## About this task
Go to the line with "Screen (LP, Comp)" in the entries below and write out every line from there through the line with "標準字揉合茶湯的漣漪感,使視", exactly and without pictures.
==== Given data ====
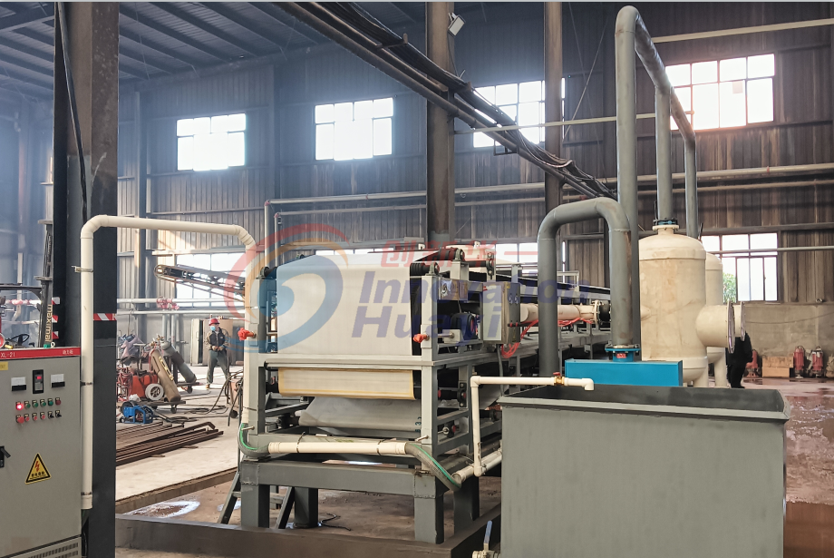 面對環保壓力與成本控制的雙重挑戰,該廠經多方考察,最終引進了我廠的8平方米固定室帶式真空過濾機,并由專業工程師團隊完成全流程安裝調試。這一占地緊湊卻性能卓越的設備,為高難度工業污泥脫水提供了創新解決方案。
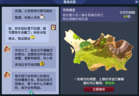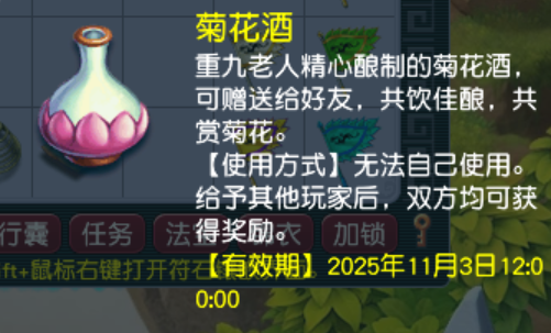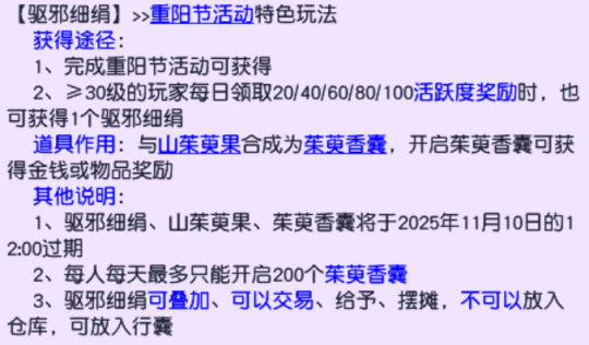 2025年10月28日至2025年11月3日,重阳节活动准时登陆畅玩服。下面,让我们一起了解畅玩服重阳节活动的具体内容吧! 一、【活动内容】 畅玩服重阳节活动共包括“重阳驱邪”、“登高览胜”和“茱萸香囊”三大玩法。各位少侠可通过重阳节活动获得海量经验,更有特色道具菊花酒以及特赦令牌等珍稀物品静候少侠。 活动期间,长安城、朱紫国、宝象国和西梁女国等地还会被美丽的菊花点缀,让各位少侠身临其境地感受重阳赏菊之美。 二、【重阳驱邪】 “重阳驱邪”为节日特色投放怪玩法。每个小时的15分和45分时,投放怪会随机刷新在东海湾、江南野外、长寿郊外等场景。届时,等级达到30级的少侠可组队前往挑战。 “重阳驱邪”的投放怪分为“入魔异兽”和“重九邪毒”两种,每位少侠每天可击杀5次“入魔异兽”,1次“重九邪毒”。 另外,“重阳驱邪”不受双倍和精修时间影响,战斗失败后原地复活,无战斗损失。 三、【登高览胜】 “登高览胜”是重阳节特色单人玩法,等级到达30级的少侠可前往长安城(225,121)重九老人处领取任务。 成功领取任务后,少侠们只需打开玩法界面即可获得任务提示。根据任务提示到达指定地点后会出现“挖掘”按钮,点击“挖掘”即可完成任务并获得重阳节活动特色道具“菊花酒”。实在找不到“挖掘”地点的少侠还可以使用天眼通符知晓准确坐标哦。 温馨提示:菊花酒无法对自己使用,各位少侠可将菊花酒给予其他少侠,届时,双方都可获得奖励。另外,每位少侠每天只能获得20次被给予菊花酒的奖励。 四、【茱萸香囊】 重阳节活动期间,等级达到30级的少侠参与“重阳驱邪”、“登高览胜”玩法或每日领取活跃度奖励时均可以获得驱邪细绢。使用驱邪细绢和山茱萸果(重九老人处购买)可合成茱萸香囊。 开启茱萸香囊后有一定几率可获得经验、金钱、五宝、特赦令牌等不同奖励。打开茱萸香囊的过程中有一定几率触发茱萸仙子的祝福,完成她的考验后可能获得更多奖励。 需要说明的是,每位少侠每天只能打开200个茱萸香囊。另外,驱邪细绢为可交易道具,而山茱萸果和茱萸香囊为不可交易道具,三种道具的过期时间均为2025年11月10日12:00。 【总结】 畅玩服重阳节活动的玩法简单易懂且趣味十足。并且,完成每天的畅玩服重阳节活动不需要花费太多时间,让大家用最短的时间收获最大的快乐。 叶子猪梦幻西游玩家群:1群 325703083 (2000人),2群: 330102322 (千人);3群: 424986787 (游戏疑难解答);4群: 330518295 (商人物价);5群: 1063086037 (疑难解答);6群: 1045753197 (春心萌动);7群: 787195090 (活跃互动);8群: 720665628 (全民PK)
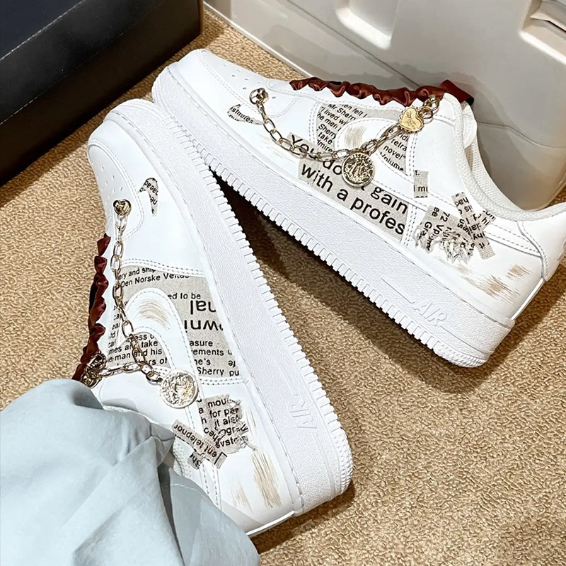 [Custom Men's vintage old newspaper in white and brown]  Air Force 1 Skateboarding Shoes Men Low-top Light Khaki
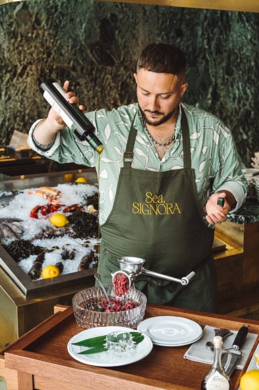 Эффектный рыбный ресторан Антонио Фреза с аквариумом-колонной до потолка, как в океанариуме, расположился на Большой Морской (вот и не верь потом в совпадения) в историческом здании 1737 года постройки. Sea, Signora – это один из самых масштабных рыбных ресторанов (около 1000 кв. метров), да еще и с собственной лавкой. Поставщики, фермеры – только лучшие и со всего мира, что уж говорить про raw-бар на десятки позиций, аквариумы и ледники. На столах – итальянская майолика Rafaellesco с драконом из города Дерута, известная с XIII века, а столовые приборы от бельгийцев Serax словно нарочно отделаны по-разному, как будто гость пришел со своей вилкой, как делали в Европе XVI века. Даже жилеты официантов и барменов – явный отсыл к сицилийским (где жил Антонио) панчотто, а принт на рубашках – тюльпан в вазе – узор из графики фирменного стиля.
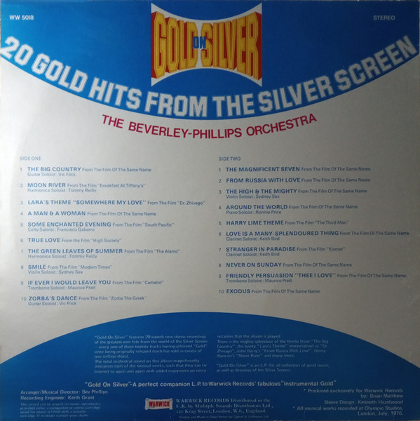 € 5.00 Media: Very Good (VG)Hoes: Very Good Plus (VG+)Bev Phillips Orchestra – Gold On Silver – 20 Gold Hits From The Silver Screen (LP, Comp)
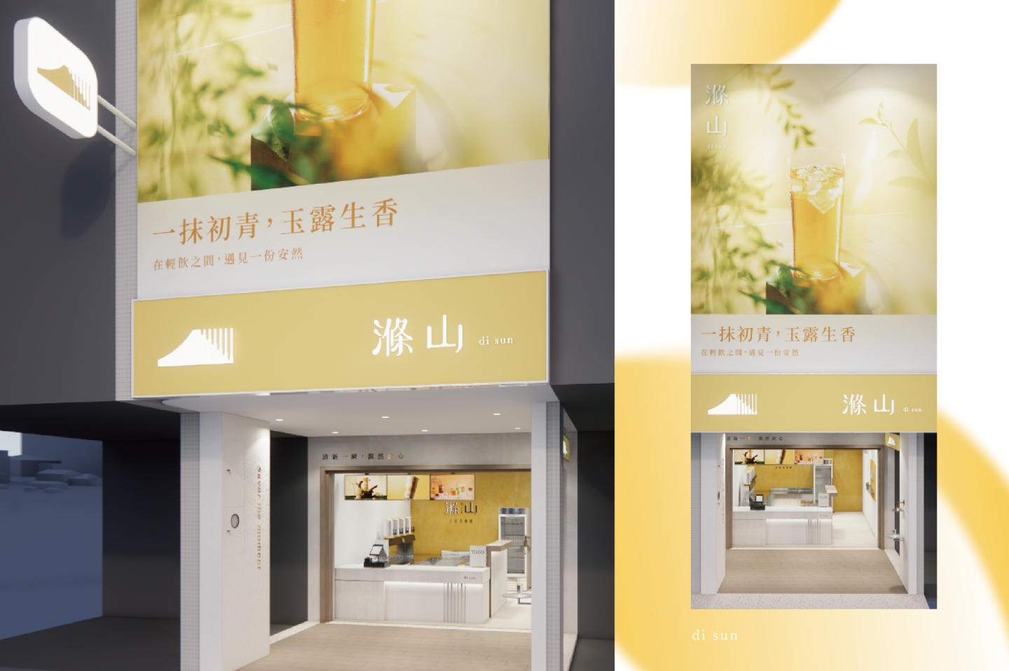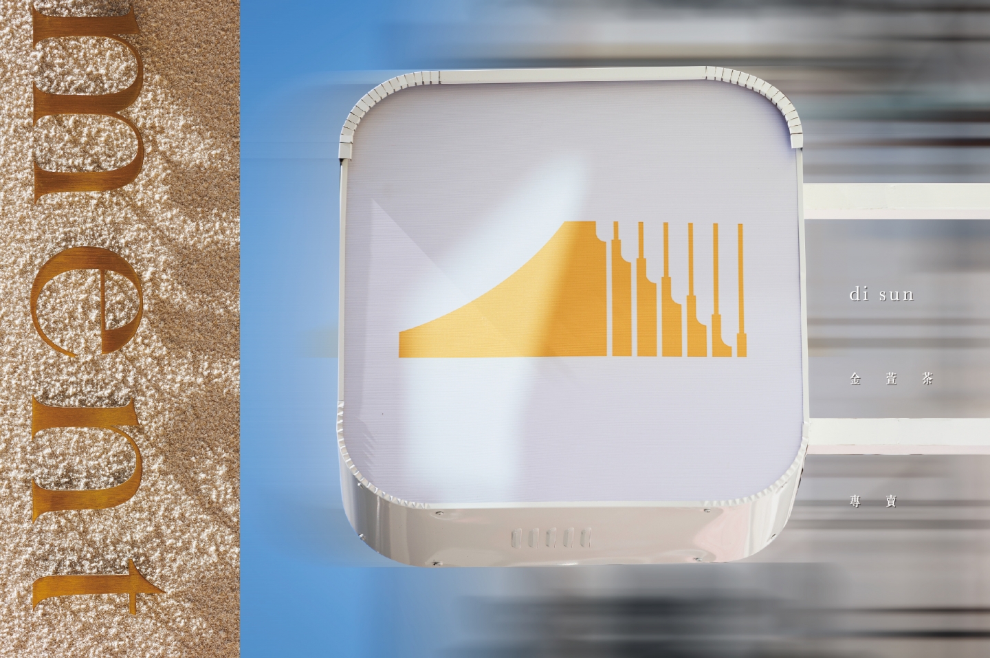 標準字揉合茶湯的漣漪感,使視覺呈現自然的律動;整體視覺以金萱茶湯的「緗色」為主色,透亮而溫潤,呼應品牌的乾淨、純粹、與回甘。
====
==== Given data ====
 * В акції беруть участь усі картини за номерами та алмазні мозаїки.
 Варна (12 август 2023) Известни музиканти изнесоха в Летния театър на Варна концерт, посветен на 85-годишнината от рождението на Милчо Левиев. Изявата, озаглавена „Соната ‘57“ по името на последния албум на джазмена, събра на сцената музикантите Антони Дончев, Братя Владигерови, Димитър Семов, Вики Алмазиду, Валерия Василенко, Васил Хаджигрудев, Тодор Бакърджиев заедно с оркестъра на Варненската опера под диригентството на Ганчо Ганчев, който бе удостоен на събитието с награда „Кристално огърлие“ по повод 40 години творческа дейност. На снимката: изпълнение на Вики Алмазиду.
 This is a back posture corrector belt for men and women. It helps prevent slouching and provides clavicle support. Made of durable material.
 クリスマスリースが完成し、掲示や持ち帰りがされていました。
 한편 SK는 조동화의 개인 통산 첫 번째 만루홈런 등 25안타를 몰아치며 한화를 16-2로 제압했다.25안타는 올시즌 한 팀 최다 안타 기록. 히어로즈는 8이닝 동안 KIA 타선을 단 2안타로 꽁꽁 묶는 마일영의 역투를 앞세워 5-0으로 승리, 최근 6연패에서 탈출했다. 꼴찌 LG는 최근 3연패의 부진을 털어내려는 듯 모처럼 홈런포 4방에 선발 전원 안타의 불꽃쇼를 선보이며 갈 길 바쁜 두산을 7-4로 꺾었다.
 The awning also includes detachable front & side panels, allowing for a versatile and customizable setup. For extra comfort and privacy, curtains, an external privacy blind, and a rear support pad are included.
====
## Your response
 € 5.00 Media: Very Good (VG)Hoes: Very Good Plus (VG+)Bev Phillips Orchestra – Gold On Silver – 20 Gold Hits From The Silver Screen (LP, Comp)
 標準字揉合茶湯的漣漪感,使視覺呈現自然的律動;整體視覺以金萱茶湯的「緗色」為主色,透亮而溫潤,呼應品牌的乾淨、純粹、與回甘。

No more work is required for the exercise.